### How to complete this task
Exactly the lines below from the line with "Срібна підвіска 925" through the line with "1-комнатная квартира 38 м2 № 182, корпус 2А" must make up the answer, both ends included and pictures left out.

### Data supplied
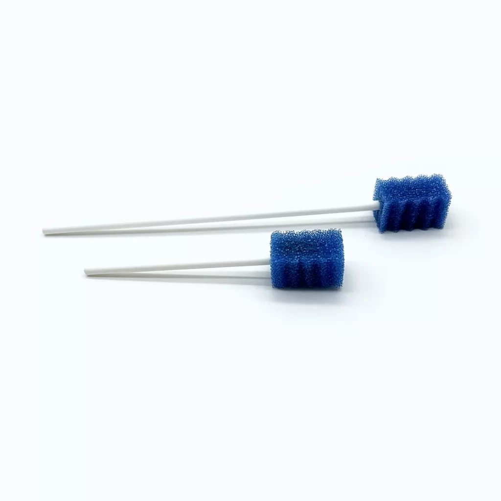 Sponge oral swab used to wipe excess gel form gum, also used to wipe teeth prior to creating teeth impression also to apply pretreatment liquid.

* * *

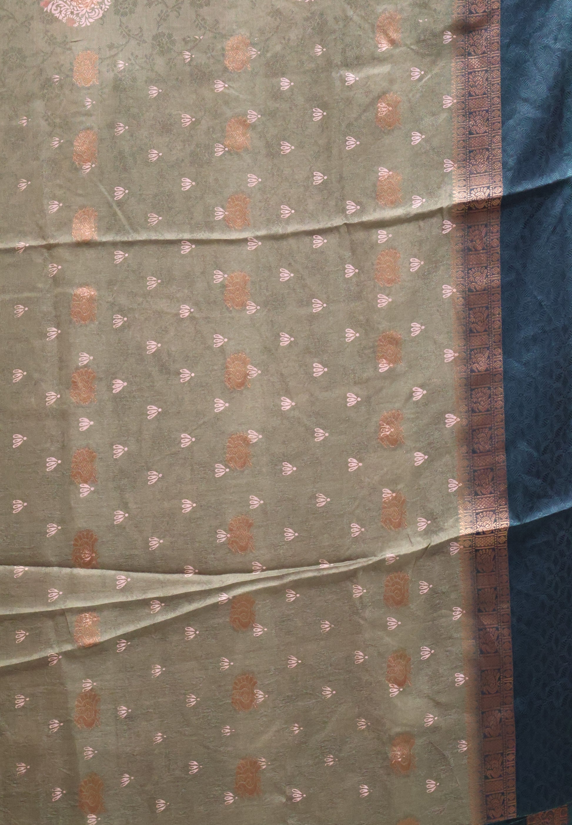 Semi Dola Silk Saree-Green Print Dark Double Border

--

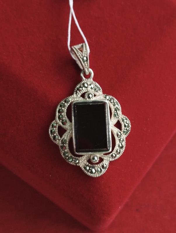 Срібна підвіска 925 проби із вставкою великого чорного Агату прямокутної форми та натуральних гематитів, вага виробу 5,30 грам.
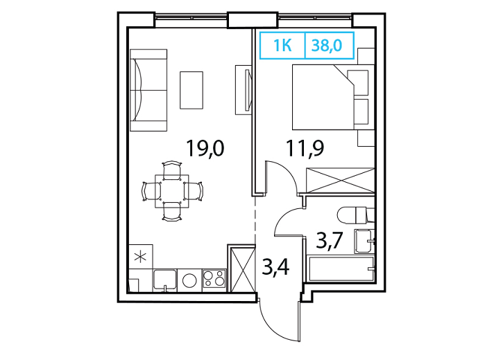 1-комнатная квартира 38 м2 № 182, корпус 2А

### Worked solution
 Срібна підвіска 925 проби із вставкою великого чорного Агату прямокутної форми та натуральних гематитів, вага виробу 5,30 грам.
 1-комнатная квартира 38 м2 № 182, корпус 2А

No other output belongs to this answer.